The uncertainty won’t even end after the second round of presidential elections in May – hot on its heels will be the June legislative elections, the importance of which has been particularly underestimated in British media. Unless the President’s party manages to secure a majority in the parliament, France will enter a period of ‘cohabitation’ where the President must appoint a Prime Minister from an alternative party. As a result, the President’s capacity effectively to govern would be severely restricted, with the Prime Minister holding most executive powers. At present, only a win by Republican François Fillon offers a realistic possibility of avoiding this situation.
Confusion is reigning in the midst of this overwhelming uncertainty. But anyone watching this election should expect one thing: whoever takes over the French Presidency, France’s role in the EU will change.
The most radical reforms are pitched by both Le Pen and Mélenchon, both of whom anticipate offering the public a referendum on France’s membership of the Eurozone and the EU. If elected, both have stated that they will first engage in renegotiations with the EU-27. Le Pen has said her aim would be to secure commitments from the EU for France to exit the single currency, dissolve the Schengen border agreement, and scrap EU budget rules and the supremacy of EU law. Such an outcome would surely be synonymous with ‘Frexit’.
Mélenchon is vaguer in his objectives, suggesting his plan is fundamentally to renegotiate the EU treaties, and if this is not possible, to lead France out of the EU. Incidentally, Mélenchon’s stance reveals why these renegotiations are largely a strawman: both candidates are long-standing eurosceptics, whose intention prior to talks with the EU-27 is to put ‘Frexit’ in motion. Talk of renegotiations is likely an attempt to soften their radical proposals to the electorate.

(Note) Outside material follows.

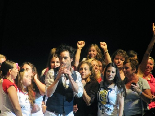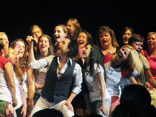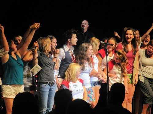 A bevy of babes from soccer moms to skinny Minnie teenieboppers hopped aboard at the invitation of lead singer, baby sitter and cheer leader Patrick Monahan. Encouraging the girls with “I don’t mind,” when have we heard that before, he invited them to join him on stage to sing, dance, titubate and cavort.

On the other side of the coin, Fillon and Macron propose different models of EU reform. Fillon is more moderate in his vision, projecting the classic Gaullist message of a “Europe of Nations.” For instance, while he wants to see the introduction of a genuine Eurozone government, he argues this should essentially be led by the leaders of the Eurozone nations, reducing the Commission’s powers over governance of the monetary union.
Macron is this election’s proud pro-European candidate. Like Fillon, he is clear that the Eurozone needs reform. However, he proposes a grander supranational solution with the introduction of a new Eurozone government, parliament and budget. What he has consistently failed to underline, however, is that this will require EU treaty change – therefore convincing Germany and other EU member states. This might be a tactical attempt not to rile an increasingly eurosceptic French electorate.
Overall, it may be very difficult to predict how France’s presidential line-up will look in a few days’ time, particularly given the wholly realistic possibility of two radical candidates qualifying for the final round. But whoever takes the presidency, we can expect France’s relationship with the European Union to be set on a new course.